Reportage à la Cité millionnaire : Un monde à l’envers
Chacun semble faire ce que ce bon lui semble. Pourvu qu’ils (sur)vivent. Jadis endroit pépère, la Cité millionnaire, créée en 1977, ne nourrit plus son… nom. L’opulence n’y est plus que virtuelle, l’insécurité et la paupérisation, réelles, en dépit des bâtisses imposantes appartenant pour la plupart à des émigrés sénégalais des «années 80». Des émigrés dont la réussite a fait la fierté de tout un quartier. Amadou Bâ, un des «premiers habitants» de ladite cité, raconte : «Le nom Cité millionnaire vient du fait que la plupart de ces maisons appartenaient à des émigrés vivant en France, au Gabon, en Côte d’Ivoire, au Tchad, etc. Mais aussi, à de grands commerçants de Sandaga. C’est ainsi que le nom s’est imposé». Vautré dans une chaise, grand boubou bleu, foulard blanc autour du cou, lunettes myopes fixées sur le nez, cet octogénaire rencontré à son domicile inspire quelque sagesse.

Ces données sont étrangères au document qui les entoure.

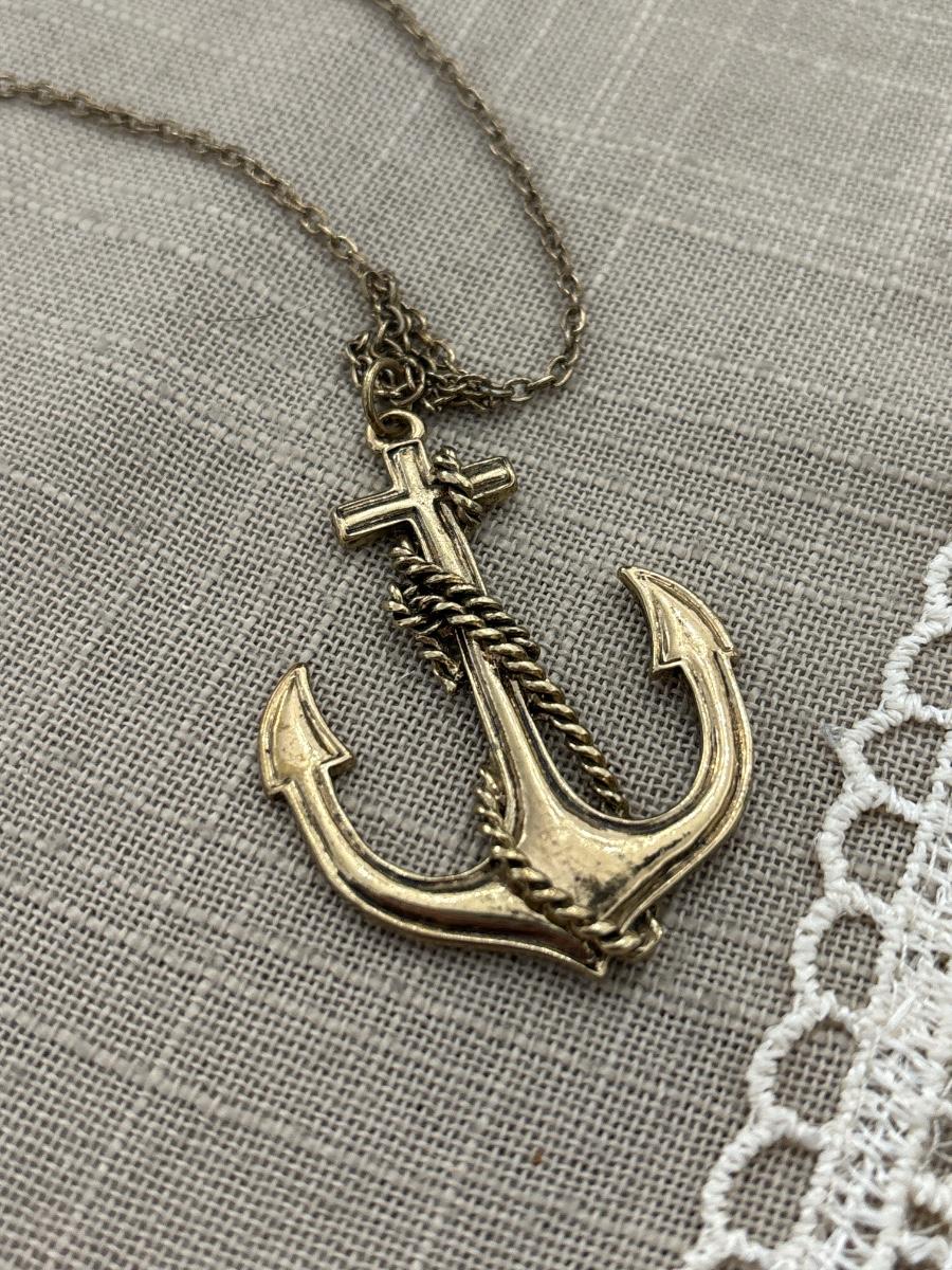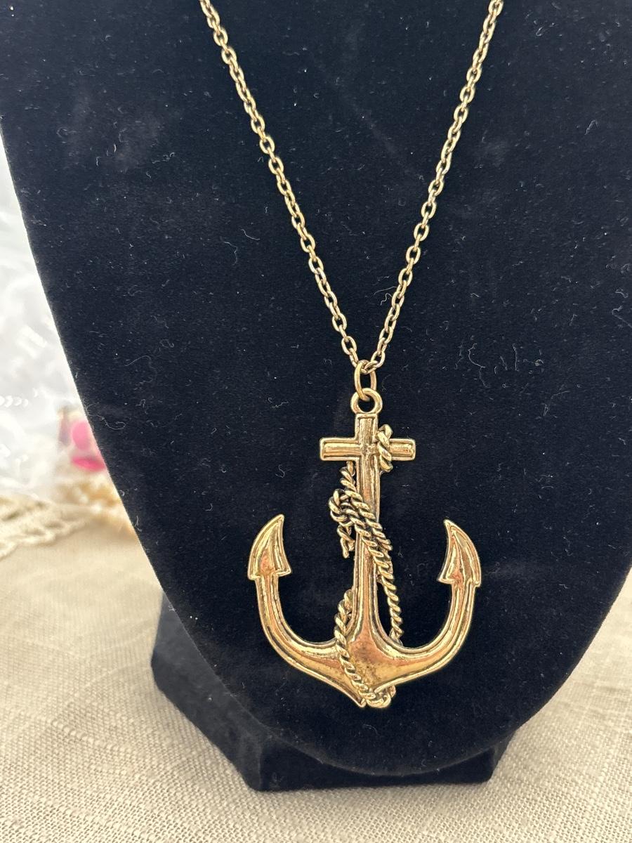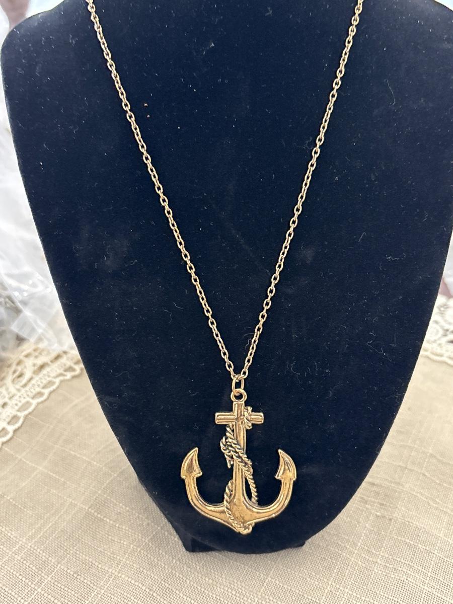 Long Silver Chain tone Necklace with Extra Large Anchor

L’histoire de la Cité millionnaire, ex-Minnam, composée de 7 quartiers, ne lui échappe point. La mémoire encore en éveil, il se rappelle : «Dans les années 80, les terrains coûtaient entre 800 000 et 2 millions de francs Cfa. Moi, j’ai acheté le mien lorsque j’étais au Tchad où j’ai passé 15 ans.» Aujourd’hui, le vieux Amadou se désole de la déliquescence dans laquelle se trouve son patelin, où «il faisait bon vivre». «Avant, la cité n’était pas populeuse comme maintenant. C’était vraiment agréable, constate-t-il avec nostalgie. Ce qui se passe, c’est que la majeure partie des premiers propriétaires qui habitaient ici avec leurs familles ont vendu leurs maisons pour aller vivre ailleurs.»
Derrière le virtuel
Par petit groupe, des jeunes dans la rue devisent. Ici, la notion du temps ne semble pas avoir une grande signification pour des adolescents souvent sans emploi, désœuvrés, plus enclins à pinailler autour d’un vendeur de café Touba installé à côté d’un kiosque à pain. «Allez-y, c’est du café Touba», nous dit généreusement un gaillard d’une vingtaine d’années qui interrompt notre entrevue avec Pape Ameth Mbaye et François Hoé, deux jeunes de même âge à peu près. Le visage boursouflé, il vient apparemment de se réveiller. Il est 10 heures passées. A l’instar de nombreuses localités du pays, le chômage est un crève-cœur d’une terrible réalité à la Cité millionnaire. Assis au bas d’un immeuble situé sur la route principale, le regard perdu, Pape, 20 ans, atteste : «La plupart des jeunes d’ici ne travaillent pas.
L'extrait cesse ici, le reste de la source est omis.